2022 Ohio 4131, 214 N.E.3d 524, 170 Ohio St. 3d 433
CourtOhio Supreme Court
DecidedNovember 22, 2022
Docket2021-0578
StatusPublished
Cited by3 cases

This text of 2022 Ohio 4131 (NASCAR Holdings, Inc. v. McClain) is published on Counsel Stack Legal Research, covering Ohio Supreme Court primary law. Counsel Stack provides free access to over 12 million legal documents including statutes, case law, regulations, and constitutions.

Bluebook
NASCAR Holdings, Inc. v. McClain, 2022 Ohio 4131, 214 N.E.3d 524, 170 Ohio St. 3d 433 (Ohio 2022).

Opinion

[Until this opinion appears in the Ohio Official Reports advance sheets, it may be cited as NASCAR Holdings, Inc. v.
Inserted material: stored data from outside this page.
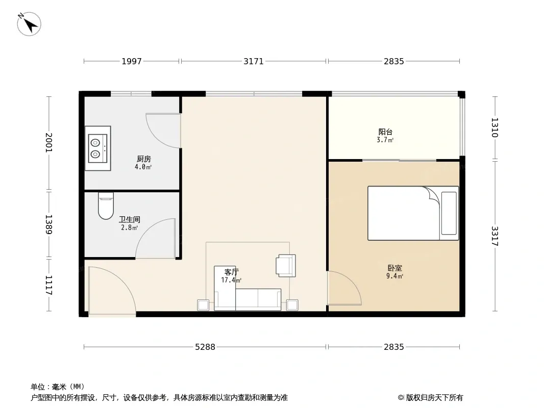 户型齐全,主打明厨,客厅朝南一居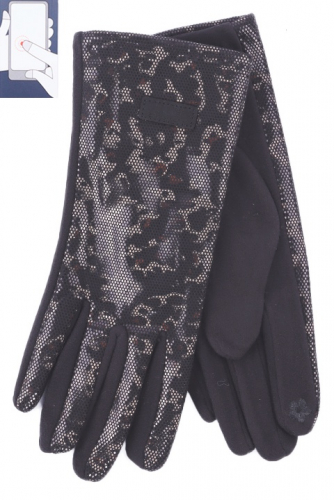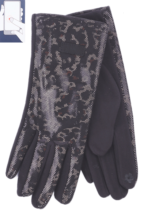 Перчатки женские сенсорные (нашивка на кончике указательного пальца), ладонь - иск.замша, верх - трикотаж под кожу на велюровой основе.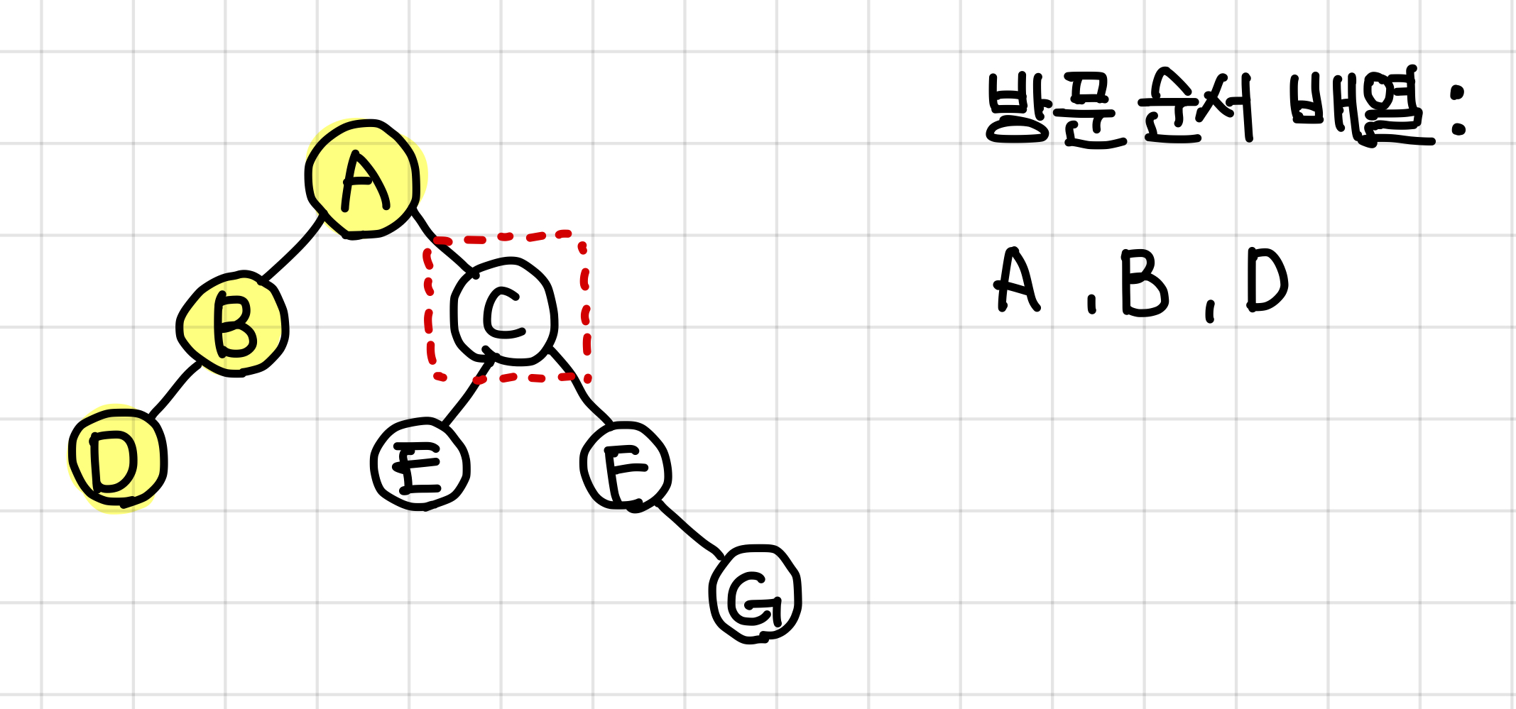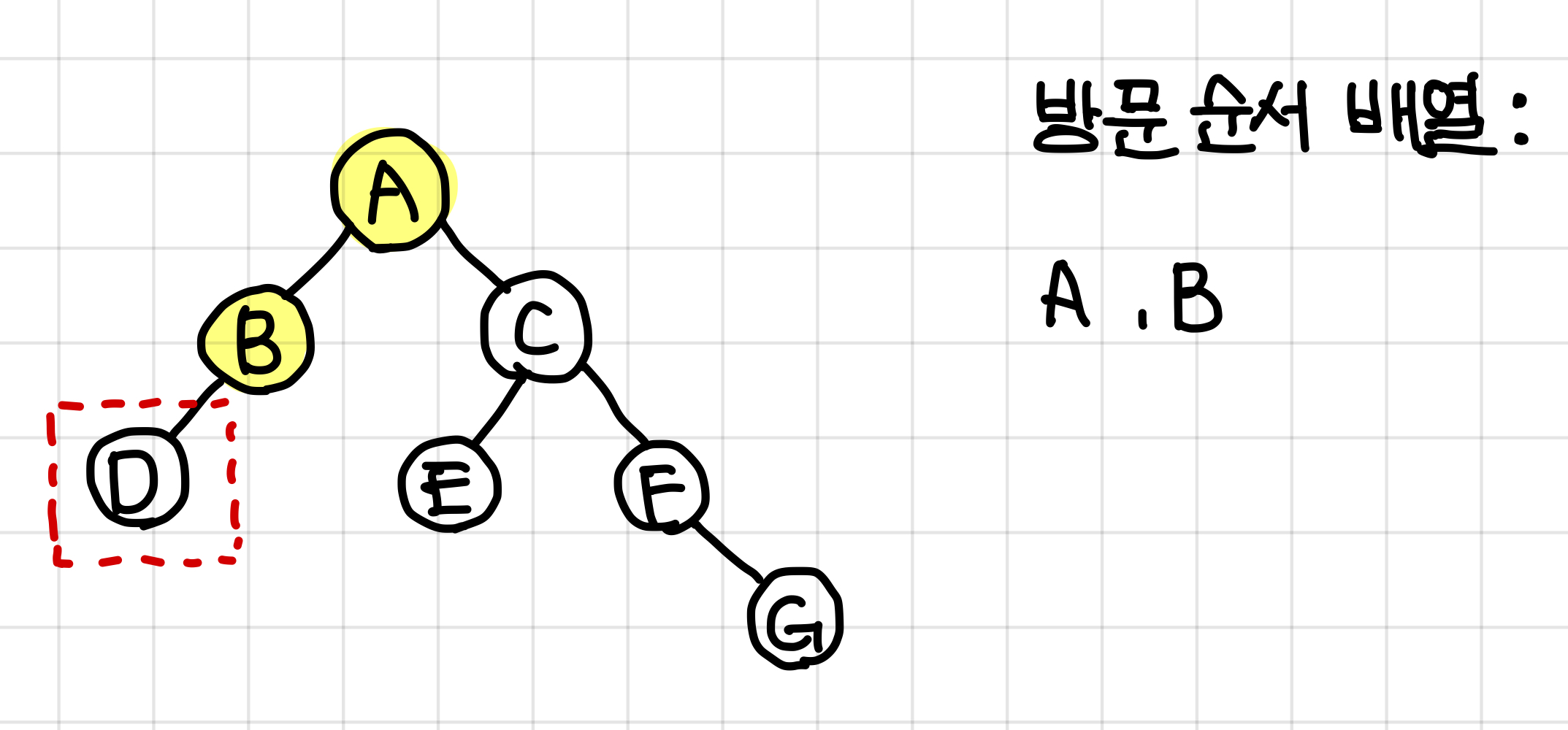 3. 왼쪽 노드인 B노드로 가기로 했으니까 B노드를 방문(탐색)하고, 방문한 B 노드를 방문 순서 배열에 넣어준다.

McClain, Slip Opinion No. 2022-Ohio-4131.]

NOTICE This slip opinion is subject to formal revision before it is published in an advance sheet of the Ohio Official Reports. Readers are requested to promptly notify the Reporter of Decisions, Supreme Court of Ohio, 65 South Front Street, Columbus, Ohio 43215, of any typographical or other formal errors in the opinion, in order that corrections may be made before the opinion is published.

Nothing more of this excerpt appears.